Task goal: Without any of the pictures, transcribe all the lines below exactly.

Given data:
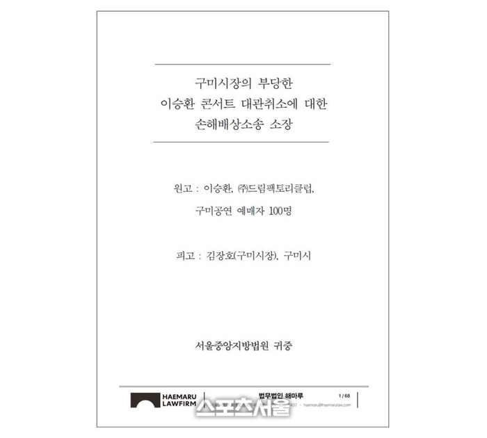 이승환 및 (주)드림팩토리클럽과 함께 구미 공연 예매자 100 여명이 함께 원고로 함께 하는 이번 소송에서 이승환은 1억 원, 공연 예매자는 1인당 50만원의 손해배상액을 청구했다.
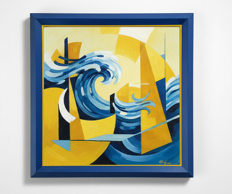 Bleu pierre filet jaune vif
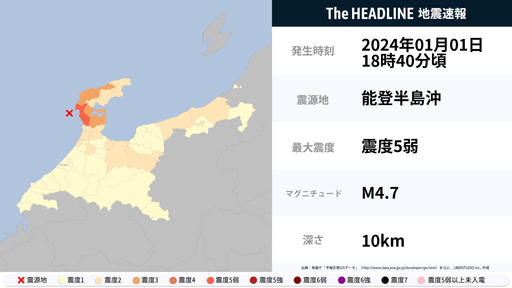 1月1日18時40分頃、石川県で最大震度5弱の地震を観測
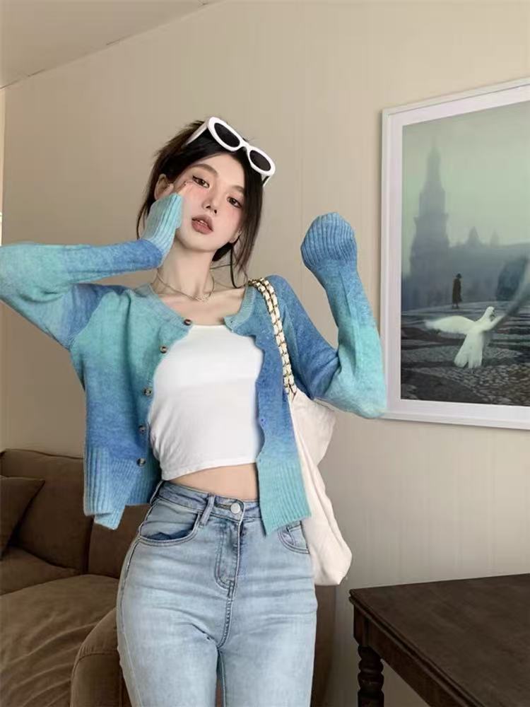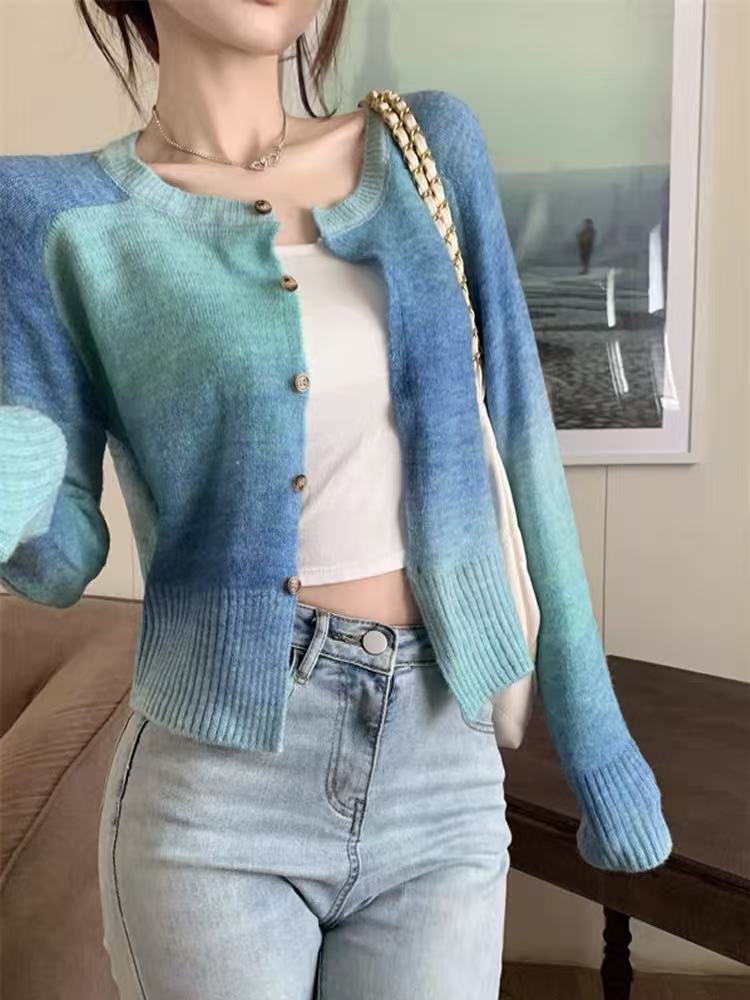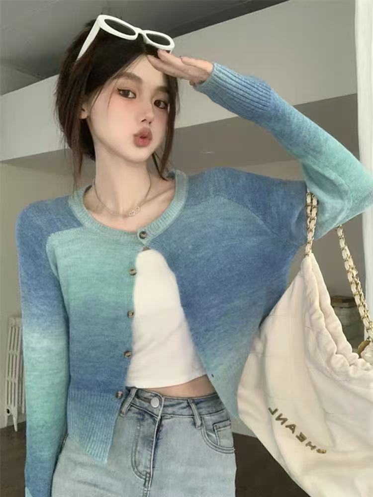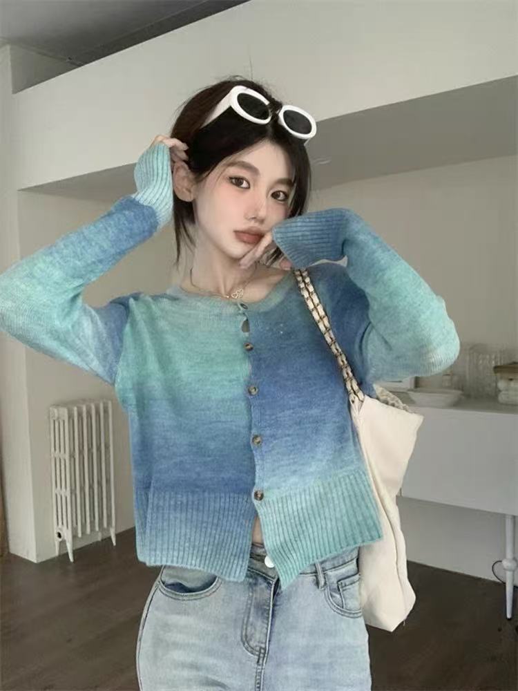 【孤品捡漏】(样衣)G78青绿中长渐变开衫毛衣-喜出

Exercise answer:
 이승환 및 (주)드림팩토리클럽과 함께 구미 공연 예매자 100 여명이 함께 원고로 함께 하는 이번 소송에서 이승환은 1억 원, 공연 예매자는 1인당 50만원의 손해배상액을 청구했다.
 Bleu pierre filet jaune vif
 1月1日18時40分頃、石川県で最大震度5弱の地震を観測
 【孤品捡漏】(样衣)G78青绿中长渐变开衫毛衣-喜出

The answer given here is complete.